Song by Chicago

from the album Chicago XXXII: Stone of Sisyphus
- Released: June 17, 2008
- Recorded: 1993–1994
- Genre: Rock
- Length: 4:16
- Label: Rhino Records
- Songwriters: Robert Lamm and Bruce Gaitsch
- Producer: Peter Wolf

= All the Years =

"All the Years" is a song that was recorded by the rock band Chicago, released on the 2008 album Stone of Sisyphus. It was written by Robert Lamm and studio session musician Bruce Gaitsch, the guitarist from the Night & Day Big Band album.

This is the third track on the 2008 release. It was supposed to be the opening track on the original 1994 release.

==Content==
The song addresses the politics of the early nineties, when the album was recorded.

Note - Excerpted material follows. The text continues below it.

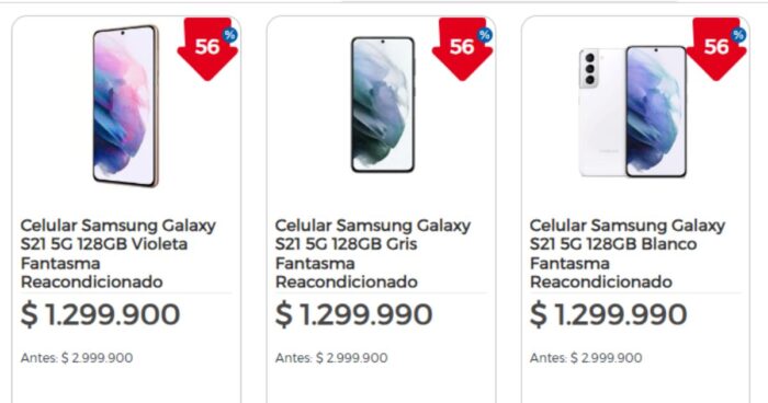 El más caro parece ser el Samsung Galaxy S21 5G 256GB, el cual cuesta $1.599.900, cuando normalmente tiene un valor de $ 2.999.900. Estos vienen en su caja, sellados y con el cable del cargador.

It states how the politics haven't really changed from the late sixties, hence the line, "All the years we wasted, all the years we tried." This song was reminiscent of Lamm's earlier songwriting about politics and being outspoken.

===Samples===
"All the Years" features speeches by Martin Luther King Jr. and other activists from that time period playing in the background at various points of the song. It also includes audio of the protesters at the 1968 Democratic Convention shouting, "The Whole World's Watching." This is a gesture to Chicago's debut album, The Chicago Transit Authority, on the tenth track "Prologue, August 29, 1968."